'One of the Scariest Things' — Olympic Diver Tom Daley on Coming Out

Sunday November 22, 2020

Tom Daley
Tom Daley  (Source:Instagram / @tomdaley)

When Stylist Andrew Gelwicks was preparing his new book "The Queer Advantage: Conversations with LGBTQ+ Leaders on the Power of Identity," he knew he wanted to speak with Olympic medalist, diver Tom Daley. "We need more queer actors, actresses, musicians, and artists pushing their way to the forefront of popular culture and into the public eye," Gelwicks says in an extract from his book published in the UK edition of Glamour Magazine. "That is why I love seeing athletes such as Tom Daley claiming their rightful space and receiving the praise and attention they deserve."

Gelwicks' book looks at the lives of queer people, whom he calls "relative outsiders," whose successful lives could be seen as role models. It was something he didn't have while growing up in a Ohio suburb and wrote the book — which includes conversations with Troye Sivan, Dan Levy, Billie Jean King and Daley (amongst others) about their queer life experience.

Daley came out in 2013 at the age of 19 in a YouTube video in order to end speculation about his private life. But he says to Gelwicks in Glamour, "It was one of the scariest things to have to do. I was so terrified to press send on that YouTube video. I wanted to get people off my back, continuously asking questions about my love life."

"Tom married Dustin Lance Black, 45, in 2017 after two years of dating, and they are parents to son Robbie, two, born via a surrogate," reports the Daily Mail.
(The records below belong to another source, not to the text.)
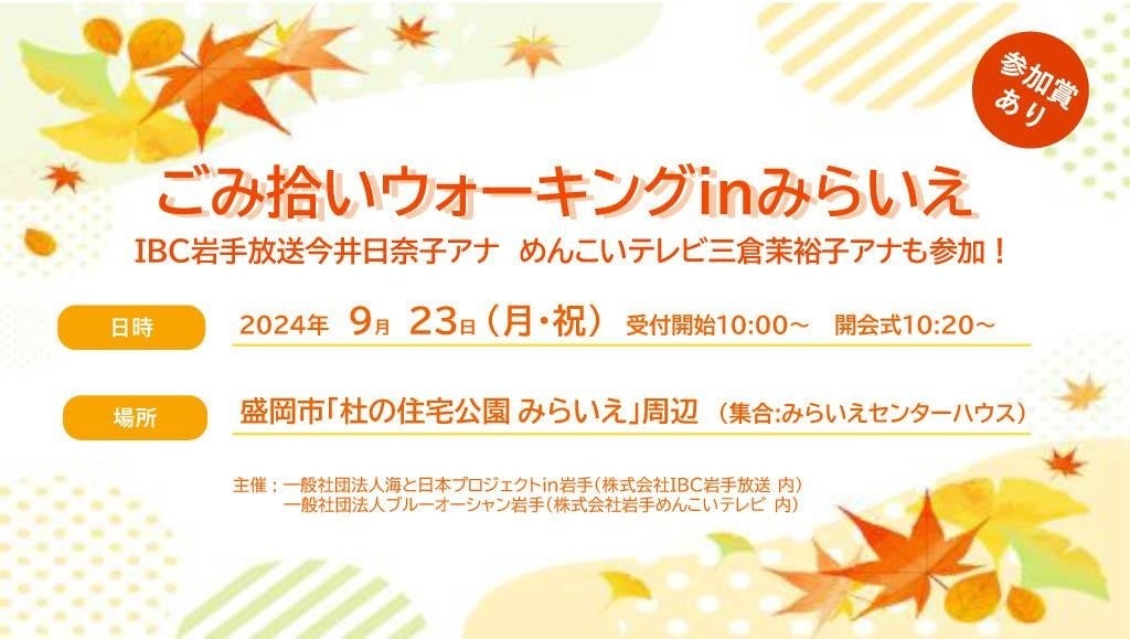 岩手のキレイで豊かな海を守り、未来へつなぐため、また岩手の皆さんの健康増進のために「ごみ拾いウォーキングinみらいえ」を岩手県盛岡市「杜の住宅公園 みらいえ」周辺にて開催いたします。
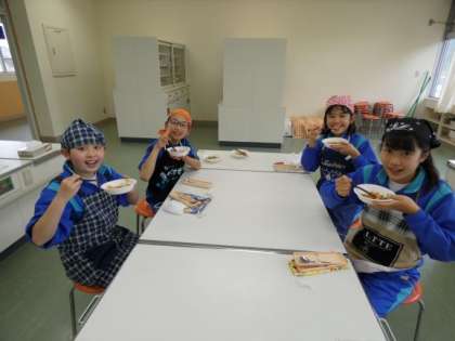 6年生の野菜炒めもいよいよ終盤となり、味見の時間です。
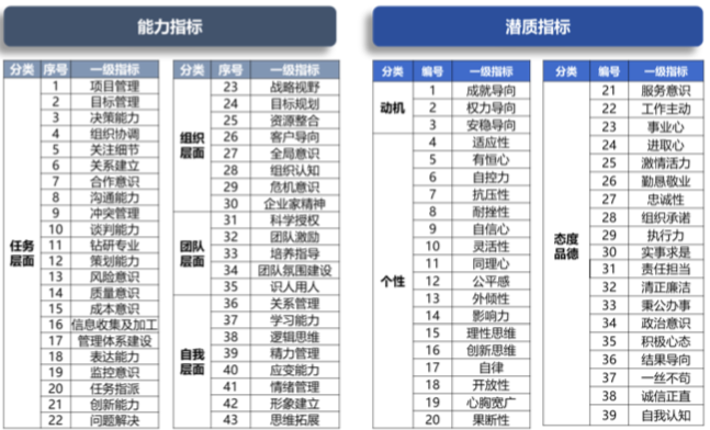 另一方面,筆者對當(dāng)前廣泛運(yùn)用于企事業(yè)單位的勝任力模型構(gòu)建、領(lǐng)導(dǎo)力模型構(gòu)建的素質(zhì)詞典進(jìn)行了研究歸納,同時,為了確保素質(zhì)指標(biāo)項更符合本土化的管理實(shí)際,筆者做了個別指標(biāo)的修訂工作,確保各項指標(biāo)契合中國企事業(yè)單位的管理實(shí)際,具備實(shí)效性和實(shí)用性。
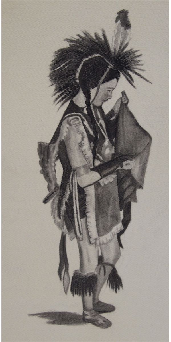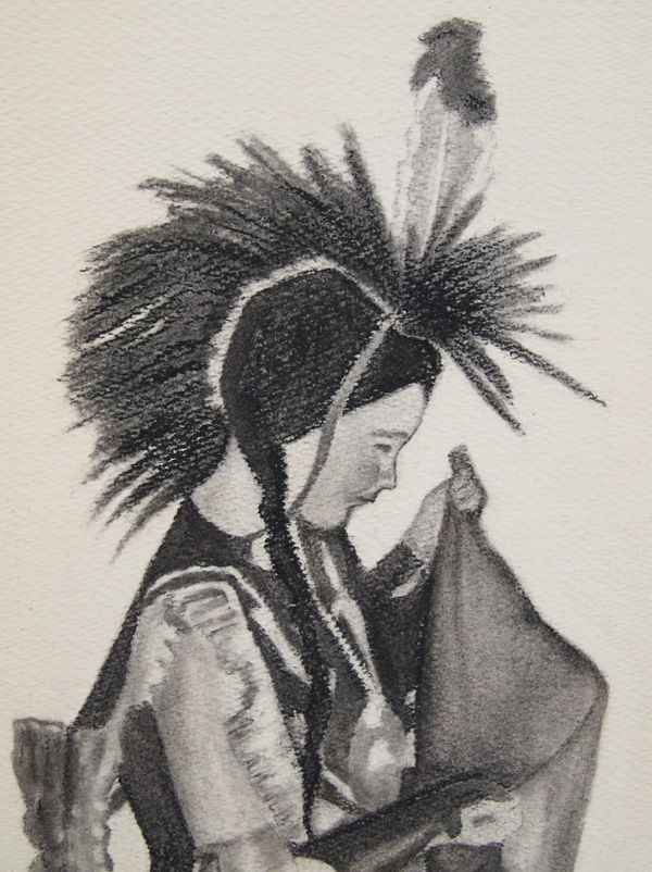 Native American Original Charcoal Painting, measures 21''H x 15''W.  Not framed or matted.
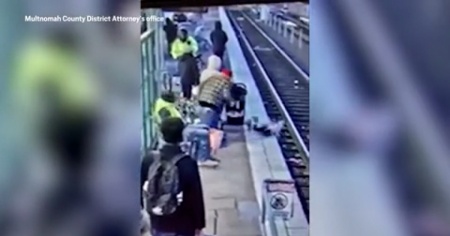 OREGON - Il video mostra il terrificante istante in cui una donna si alza di scatto da una panchina della stazione Northeast Portland per spingere una bambina di soli tre anni sul binario del treno. La piccola stava semplicemente aspettando il treno con sua madre quando è avvenuto il fatto. Immediatamente i presenti visibilmente scioccati si sono fiondati sulle rotaie per salvarle la vita. Grazie a loro, la bimba ne è uscita 'solo' con forte mal di testa e un piccolo segno rosso sulla fronte.
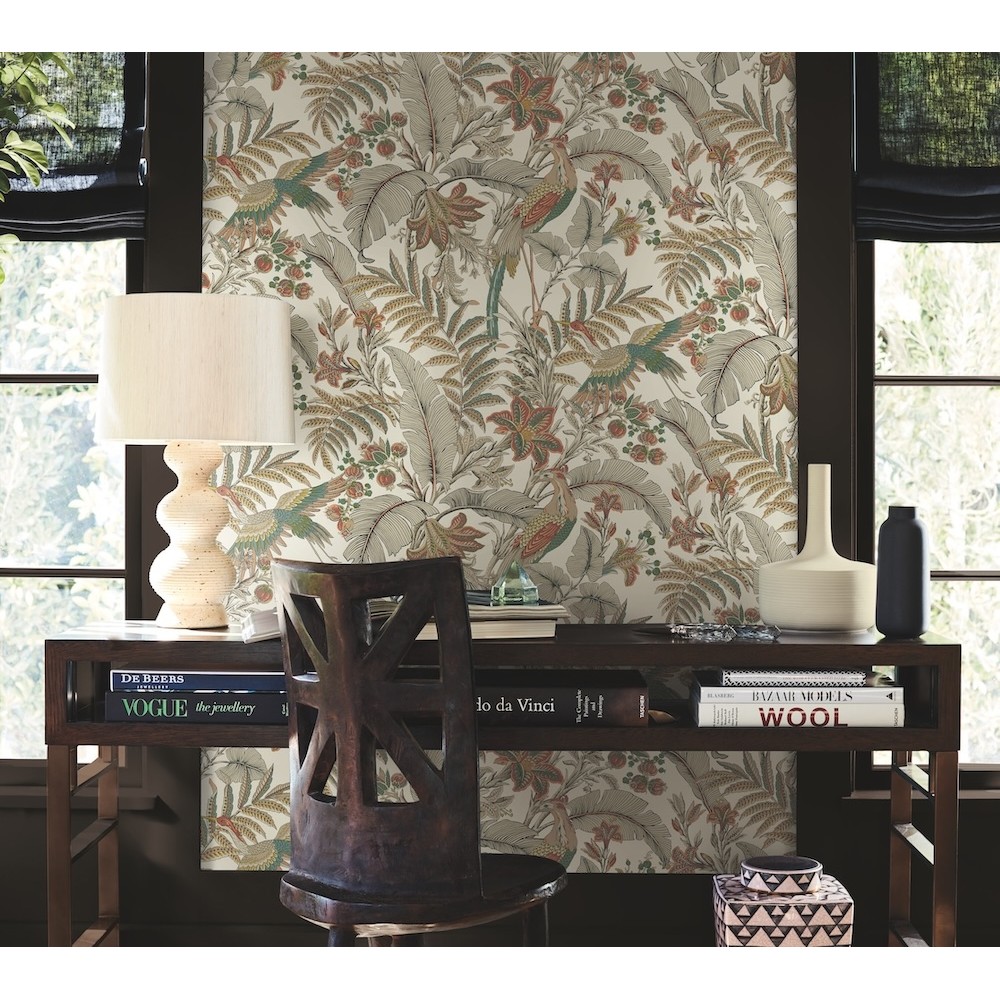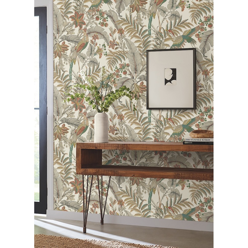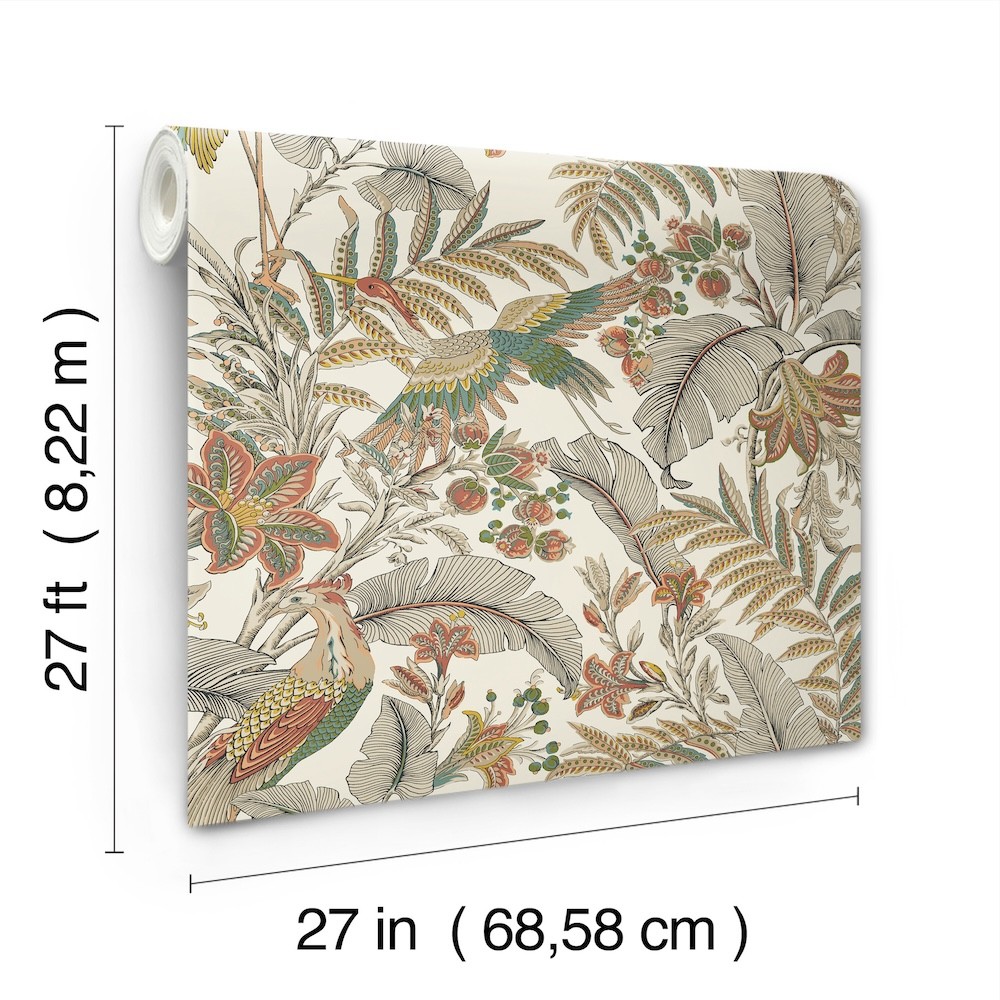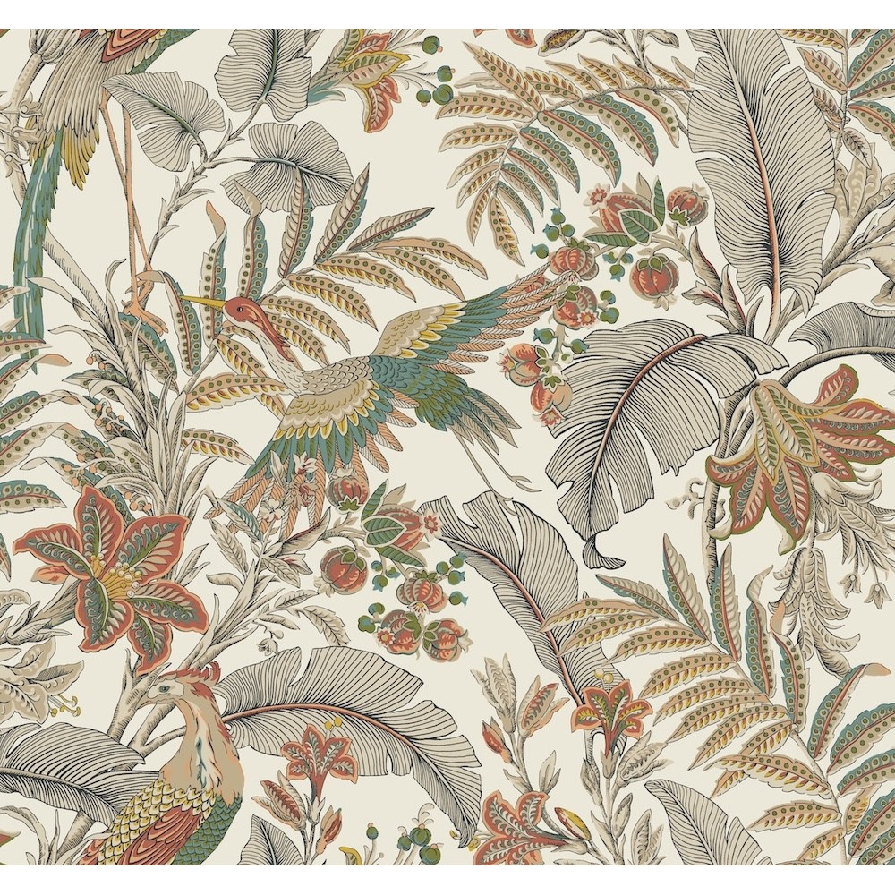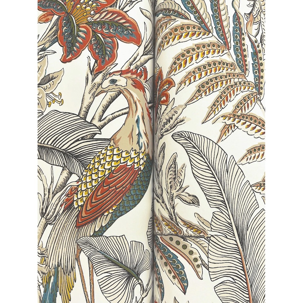 A lush array of richly illustrated flowers and fronds nearly hide the statuesque figures of these iconic wading birds in pattern Heronwood. Featured here in a palette of terracotta, persimmon, turquoise, moss, ochre, taupe, and alabaster. This Heronwood Wallpaper measures approximately 27 inches wide by 27 feet long, measuring approximately 60.8 square feet per roll.

Daley's coming out was big news and made the diver one of the highest profile sports figures to be open about his sexuality. He didn't, though, feel that he was treated any differently by his colleagues or by the sport. "In diving, I am judged for how I do my dives. Not who I love. When fans of sports that are less accepting of LGBTQ+ people can see them as human beings playing the sport they love, I think we will see a lot more sports people come out."

Asked if he thought that being queer has positively impacted his career, Daley said: "Growing up as a queer person is very challenging. You are always told that you are different and you are less than. That automatically puts you on the back foot and you have to work even harder to prove yourself. Those challenges and obstacles are what have shaped me as an athlete and learning not to care about other people's opinions and what nasty things other people can say. The best thing to do is concentrate on you and loving who you are."